Moins fins commerçants que Booba, les rappeurs français homophobes sont légions. Oreslan règne sur le marécage des blagues homophobes avec le soutien de Frédéric Lefebvre et de Frédéric Mitterrand qui allât même jusqu’à le comparer à Rimbaud en son temps (pitié!).

Sexion d’Assaut fait le buzz en parlant de l’homosexualité comme d’une « déviance » inacceptable et en se rétractant par la suite face aux blocus des collectivités refusant de les accueillir sur scène. Les membres du groupe de rap présentent leurs excuses en se dédouanant : ils ne connaissaient pas le sens du mot homophobie. Depuis, on leur a expliqué. Et peut-être se sont-ils rendus compte qu’ils étaient homophobes? Quand ils beuglent dans « On ta humilié » cet appel au meurtre des homos, est-ce qu’ils ne comprennent pas non plus ce qu’ils disent ?

Les paroles:

« Lointaine est l’époque où les homos se maquaient en scred.
Maintenant, se galochent en ville avec des sappes arc-en-ciel.
Mais vas-y bouge, vas-y bouge.
Toutes ces pratiques ne sont pas saines. (…)
Je crois qu’il est grand temps que les P.d périssent, coupe leur le pénis, laisse les morts, retrouvés sur le périphérique»

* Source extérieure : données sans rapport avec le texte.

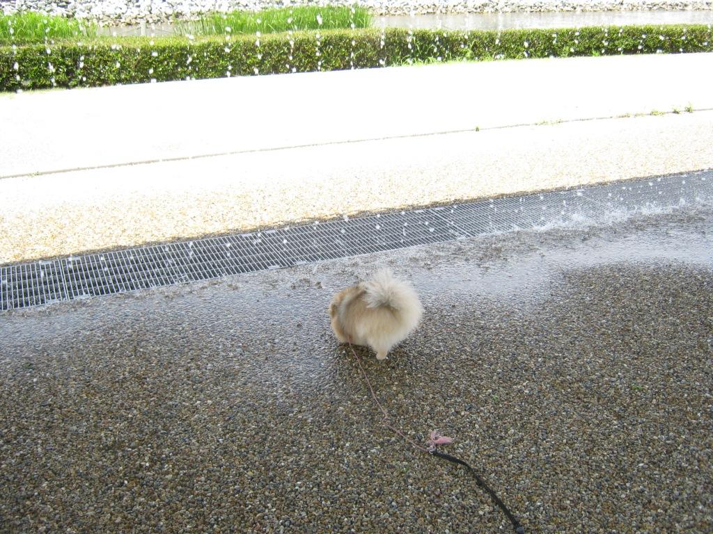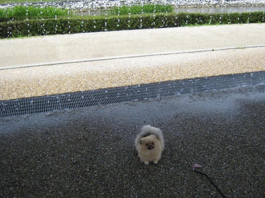 帰るとモモちゃんがホースの水に顔を突っ込んでじゃれたとかでびしょ濡れの顔で歓迎しにきた
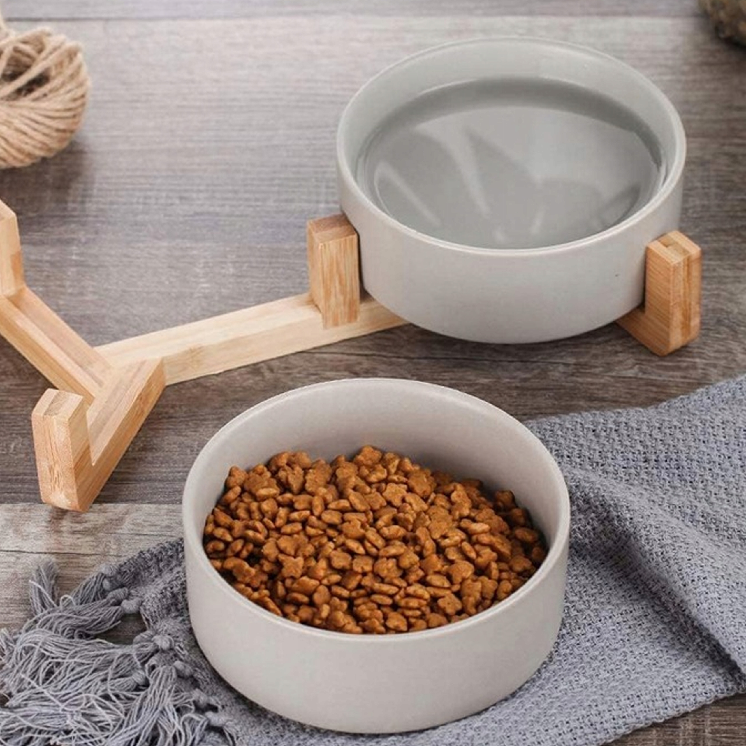 ✔️ Дерев'яна підставка запобігає ковзанню мисок.

Boycotté par les radios musicales et par les cérémonies de remise de prix (MTV, NRJ, Victoires de la musique), le groupe continue de vendre des albums en surfant sur la polémique et la publicité accordée aux excuses publiques. Question : quand est-ce que les médias renverront ces groupes dans la marginalité? Quand est-ce que les maisons de disque arrêteront de se faire du blé avec ces minables? Est-ce que le rap français est condamné à l’obscurantisme?

 

La stratégie marketing coupe la tête au cliché homophobe de la dite sous-culture de banlieue (les ploucs quoi). La connerie s’auto-régule. Néanmoins, les dérives des groupes de rap reflètent de façon allégée un état d’esprit criminel et sanguinaire vis-à-vis des homosexuels dans certains quartiers névrosés (il suffit de lire les journaux des derniers mois relatant les persécutions subies par les gays dans ces zones). Loin de moi l’idée de remettre en cause leur liberté de dire ce qu’ils veulent : au risque de paraitre maso, je préfère presque certains artistes homophobes aux propos dérangeants, aux artistes gay-friendly  super-pouffiasses produisant des caricatures de l’homosexualité dans leurs clips afin de vendre des disques. Le problème ne vient pas des artistes mais de la misère intellectuelle qui règne dans les banlieues françaises.